# BSD Tools for iPhone unlock



## rpat458 (Aug 17, 2007)

I'd like to try an unlock my iPhone for Rogers however I'm not sure about one thing mentioned on ModMyiPhone site. The instruction seem to be straight forward however I'm not sure what BSD Tolls are that they refer to in part 4 of the Mac install process. IPhone unlock OS X Part 4 - ModMyiPhone - Wiki

I'm using most programs on my iPhone and now I want to get the phone feature going on Rogers. Anyone know what BSD is, can it be jailbreak or a program that goes by another name? I haven't seen the software available anywhere so I'm wondering if this is something else?

Anyone know?


----------



## Oompa_Loompa (Nov 13, 2005)

*Bsd*

where you able to figure out what to do.... do you have an update --- I'm approaching this step now.......:baby:


----------



## rpat458 (Aug 17, 2007)

*BSD Tools*

Not a word from anybody, usually someone on the board responds within an hour or so but not today and I'm anxious. I'm going to send the question to someone on the ModMyiPhone site and if I hear anything back I'll be sure to let you know.


----------



## Oompa_Loompa (Nov 13, 2005)

*BSD loading for me....*

** Be sure to use the slider to unlock

1) Once you get the INSTALLER that APPTAPP installed onto your iPhone click on it. 
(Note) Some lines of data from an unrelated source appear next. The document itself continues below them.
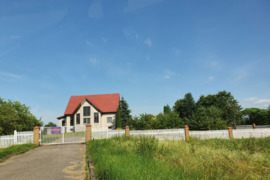 80 a sklypo teritorijos aptverta tvora. Sklype yra tvenkinys, šiltnamis, šulinys, sodas.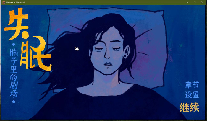 而在《失眠》游戏中,在游戏界面里找不到“退出游戏”的按键,“继续”是被高亮设置的,它提醒着我们“在场”才是常态,只有点击设置,进入二级菜单才会发现它。而游戏中的角色,在游戏开始前其实早已睡着,玩家必须要叫醒她,才能开始这场失眠的游戏。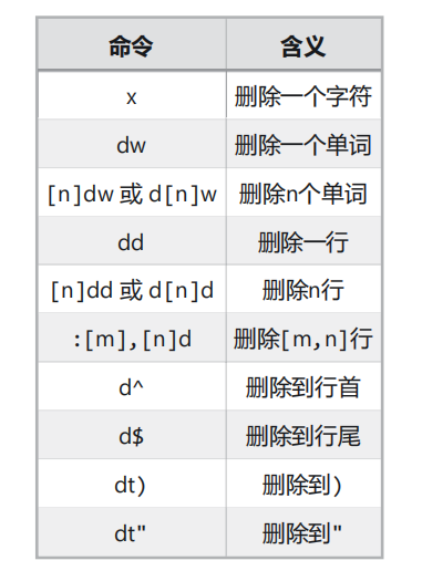 行尾。而且我们还可以指定命令重复的次数:“dd” 表示删除光标所在行,“2dd” 或

2) Once in the INSTALLER program -- click refresh.... you can scroll through a list of apps -- you will see BSD Subsystem (Unix tools for he iPhone) as one listed.... BUT INSTALL in the correct order as it states here in Step 2 (in order) IPhone unlock OS X Part 3 - ModMyiPhone - Wiki


From what i can tell Community System, BSD Subsystem is a program that give you access to Tools for your iPhone allowing more functionality.

Should another member of this community be able to explain it better or with correct verbage... then please do step forward.


 hope that helps


----------



## Oompa_Loompa (Nov 13, 2005)

Has anyone else had trouble downloading the BSD Subsystem ? Everything going well on my unlock IPhone unlock OS X Part 3 - ModMyiPhone - Wiki but now I can't get the BSD Subsystem to download... iPhone says it is Downloading Package but the progress bar never gets too far :yikes: Anyone else had this trouble?


----------



## rpat458 (Aug 17, 2007)

*BSD Tools*

Thank you for the response it answers my question. I've been reading more threads and it looks like many who are trying to unlock their iPhones are not suceeding si I'm a little worried to try at this time. Maybe when someone has a one step process I'll give it a try or if I find someone that walk me through it, i'm even willing to pay. Good luck to you, I hope things go smooth for you.


----------



## Daktari (Feb 21, 2005)

When you get to part 3, step 2; Makes sure that you have a wireless connection, the installer hangs sometimes if you start it up before getting an internet connection.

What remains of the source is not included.